Rehiring Veteran Engineers: Bringing back Years of Technical Experience

In order to address the shortcomings of their automated quality management systems, Ford decided to start hiring experienced engineers. Not only are the firm’s own engineers being brought back from retirement but specialists working in partner-supplier organizations are also considered. In the past three years, over 350 seasoned professionals were hired back into the company. The internal name for those people is “gray beard” engineers who are extremely important not only for mentoring young engineers but also because of the information they bring with them which is hard to get otherwise. Thanks to their years of experience, these individuals are able to see possible mistakes in design, manufacture and potential quality issues much earlier than when vehicles go into production.
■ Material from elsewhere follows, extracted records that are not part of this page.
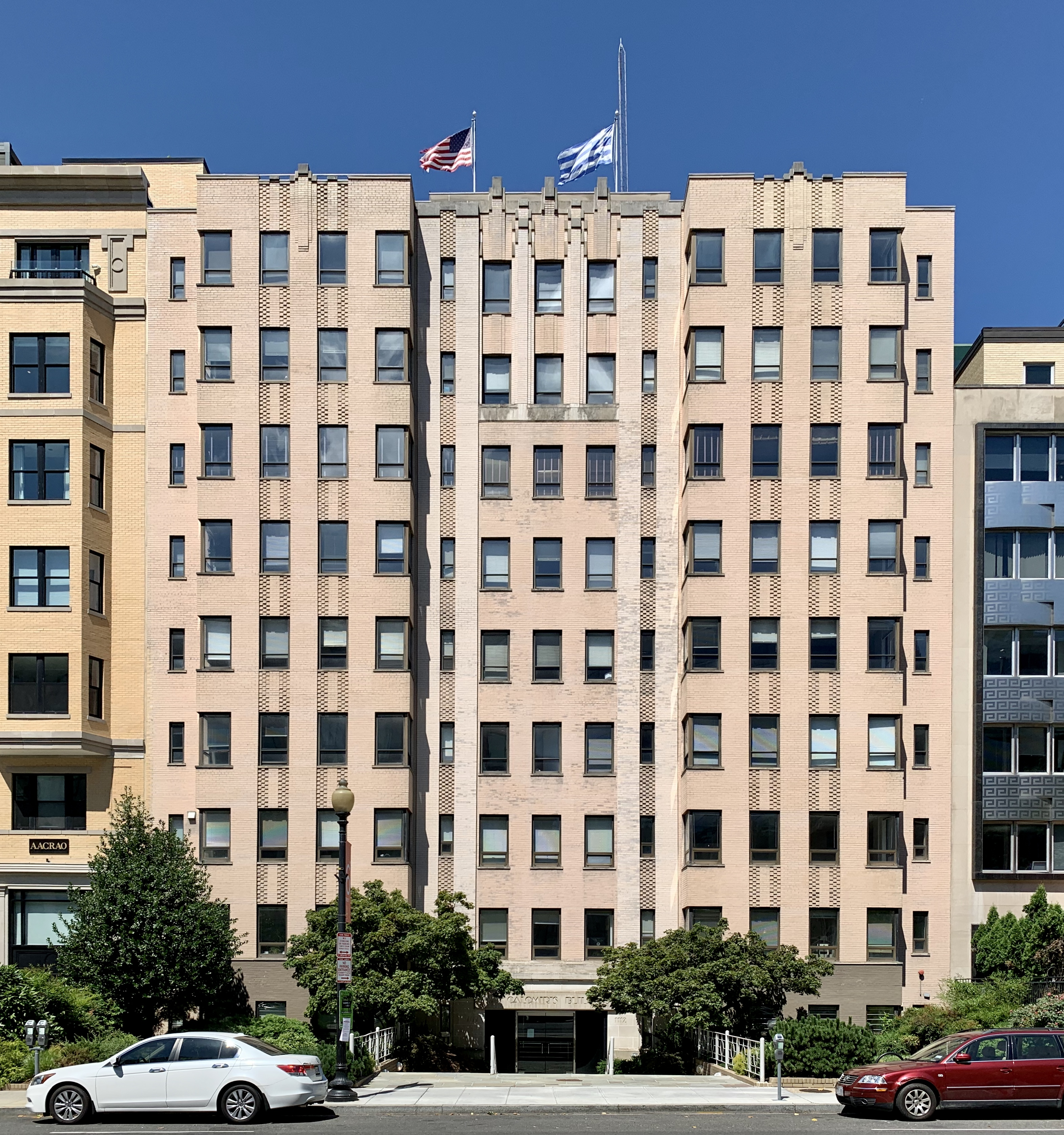 The Calomiris Building is an apartment building turned office space located at 1112 16th Street NW in Washington, D.C. It was built in 1940 and originally named The Pall Mall. The building is a contributing property to the Sixteenth Street Historic District.
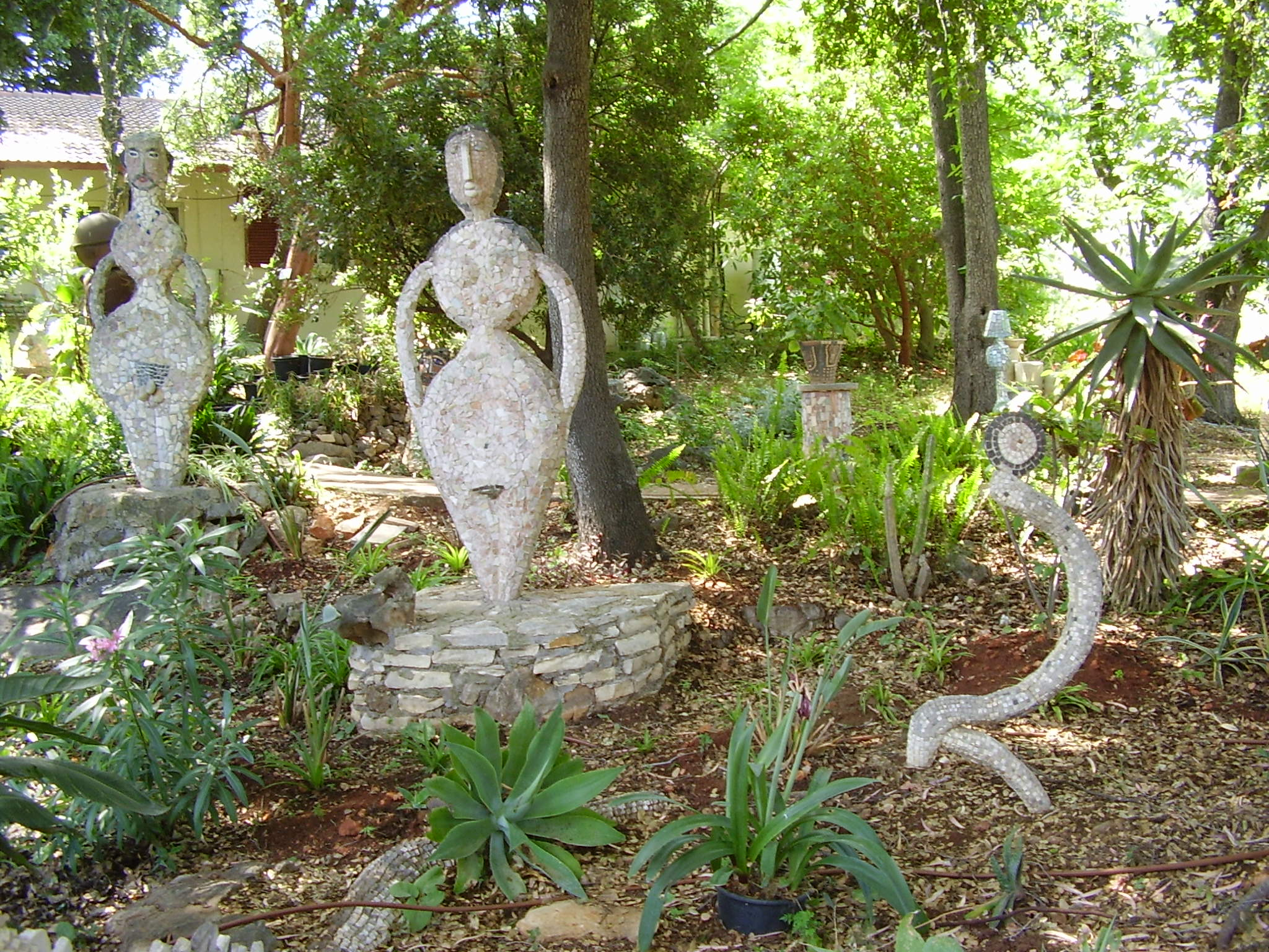 Adam and Eve and the Snake, in the mosaic garden, kibutz Eilon, Israel
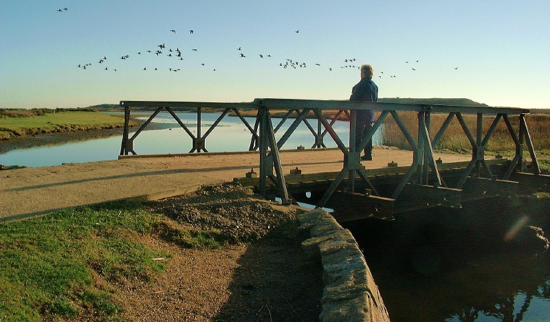 A prototype of the Bailey Bridge across Ma Sillar's Channel, Stanpit Marsh, Christchurch, Dorset. The Bailey Bridge was designed and constructed at the Christchurch Barracks. Ma Sillar was a notorious 18th century smuggler. The Ma Sillers channel (now all but silted up) lead directly to the rear of her pub, The Ship in Distress.

In addition to helping resolve technical challenges, the experience of these individuals makes it possible to keep certain knowledge which cannot be found in manuals and automated systems. With their guidance, engineering decisions and development process become much better. Ford claims that hiring veteran engineers helped significantly improve quality and efficiency at the firm.
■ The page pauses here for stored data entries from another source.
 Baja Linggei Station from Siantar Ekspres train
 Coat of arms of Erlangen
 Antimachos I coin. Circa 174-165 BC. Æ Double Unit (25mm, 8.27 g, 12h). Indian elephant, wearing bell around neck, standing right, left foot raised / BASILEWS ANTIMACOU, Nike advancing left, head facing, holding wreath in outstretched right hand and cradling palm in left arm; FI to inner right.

Expert Engineers & AI: The Right Combination

While Ford did not give up on artificial intelligence as a whole, he instead opted for a balanced solution by using artificial intelligence together with the help of experienced engineers. Skilled engineers are currently assisting in making the system smarter by helping to develop better data for training AI and sharing experience accumulated during years of work. As a result, the system is now capable of recognizing difficult situations that it was unable to see before. Instead of replacing engineers, artificial intelligence acts as an amazing assistant that helps to analyze, test, and validate information, and at the same time, people make decisions based on their judgment. The cooperation has allowed Ford to enhance its vehicle development process through the use of technology that will perform routine tasks, while experts will solve complicated design issues. AI is considered to be an outstanding tool, but only with the support of accurate data and experience.

 

The Changing Ford’s Approach to Quality Management and Its Lessons for Others

As part of their new approach to quality management, Ford decided to change the emphasis from repairing defects once the product is made to prevention at the design and development stages. Collaboration among software developers, manufacturers, supply chain managers, and experienced engineers will help to address any possible flaws early in the production process. In addition, the car manufacturer developed a special software quality assurance team and implemented over 100,000 AI-based validation tests to analyze the software operation in different conditions. This allows to discover any issues arising from design changes promptly before the defect makes it to consumers’ hands. The new prevention-oriented strategy is already bearing fruit for Ford in the form of better vehicle quality ratings and lower operational costs. The experience of the company is important for many other organizations that are adopting AI technology. While this technology allows increasing efficiency and automatization of complicated processes significantly, it should be considered a tool that complements professional experience and knowledge rather than substitutes for it. Sustainable innovation emerges when technology and people work towards a common goal together.

Conclusion

The Ford story demonstrates that artificial intelligence becomes successful only when integrated with the human factor rather than applied to replace it. Utilization of veterans’ knowledge to improve AI algorithms allowed Ford to achieve higher quality of products, decreased expenses and created a reliable product development procedure. This example should be considered an important lesson for companies all over the world that future success can be achieved through a good combination of technology and professionals.